Stressed out woman staring at laptop while chewing pencil.

I was speaking with a client, the CEO and owner of a small business with twenty employees. He was deeply frustrated that he hadn’t been able to make any progress on a significant change he wanted his team to make. He wanted them to become more responsive and proactive, so he hired us to help.

Most people are resistant to change. There are a number of reasons why:

1. We’re hard-wired to seek sameness as a shortcut to safety.

The amygdala, part of the limbic system, is constantly scanning the environment for potential threats. Unfortunately, anything that’s new or different is perceived as a threat. 

2. We’re inherently afraid of failure; our culture fosters perfectionism.

Think about it: from the time we’re five years old, we’re taught that failing more than 30% of the time is unacceptable (that’s a C grade). In the real world, failure rates hover in the 85-96% range. Success is anything but a sure thing.

3. We’re afraid of the unknown.

This relates to the limbic system that is responsible for the fight/flight/freeze/fawn responses. Unknown = unsafe.

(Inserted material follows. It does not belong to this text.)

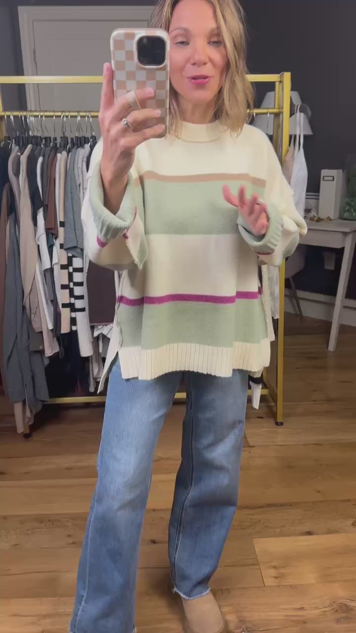 This is available in two color options, this sweater boasts a playful stripe print and cuffed bell sleeves. It fits true-to-size with a longer length will flatter your figure and side slits along the bottom hem. Don't hesitate to add this unique piece to your wardrobe!

4. Most of us are working in a corporate culture that doesn’t encourage failure, even when they say they do. 

With the deck stacked against you, how can you overcome people’s natural resistance to change?

1. Develop a culture of psychological safety.

Psychological safety is the very foundation of cohesive, agile teams. High-performing teams develop a culture of deep, vulnerability-based trust that creates a sense of psychological safety. It takes time to develop a culture like this, but there are specific practices we teach teams to adopt. Some examples include: develop emotional intelligence, learn how to have difficult conversations in real time, and develop a practice of continuous feedback. 

2. Practice failing as a team in a facilitated space.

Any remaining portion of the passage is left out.